Go back to the head node, log in as wolf, and enter the following
commands:
cat > /nnt/wolf/lamhosts
wolf01
wolf02
wolf03
wolf04
<control d> |
Go to the lam examples directory, and compile "hello.c":
mpicc -o hello hello.c
cp hello /mnt/wolf |
Then, as shown in the lam documentation, start up lam:
[wolf@wolf00 wolf]$ lamboot -v lamhosts
LAM 7.0/MPI 2 C++/ROMIO - Indiana University
n0<2572> ssi:boot:base:linear: booting n0 (wolf00)
n0<2572> ssi:boot:base:linear: booting n1 (wolf01)
n0<2572> ssi:boot:base:linear: booting n2 (wolf02)
n0<2572> ssi:boot:base:linear: booting n3 (wolf04)
n0<2572> ssi:boot:base:linear: finished |
So we are now finally ready to run an app. [Remember, I am using
lam; your message passing interface may have different syntax].

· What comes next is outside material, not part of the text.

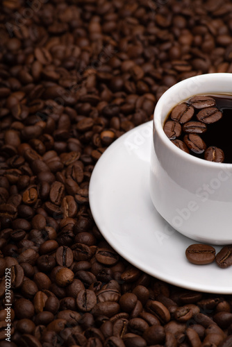 © Ekaterina, Fototapeta premium Cup with coffee beans on a dark background
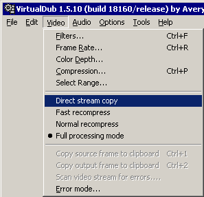 VirtualDub.video.SetMode(3); | режим: Video — Full processing mode |

[wolf@wolf00 wolf]$ mpirun n0-3 /mnt/wolf/hello
Hello, world! I am 0 of 4
Hello, world! I am 3 of 4
Hello, world! I am 2 of 4
Hello, world! I am 1 of 4
[wolf@wolf00 wolf]$ |
Recall I mentioned the use of NFS above. I am telling the nodes to
all use the nfs shared directory, which will bottleneck when using a
larger number of boxes. You could easily copy the executable to each box,
and in the mpirun command, specify node local directories: mpirun n0-3
/home/wolf/hello. The prerequisite for this is to have all the files
available locally. In fact I have done this, and it worked better than
using the nfs shared executable. Of course this theory breaks down if my
cluster application needs to modify a file shared across the
cluster.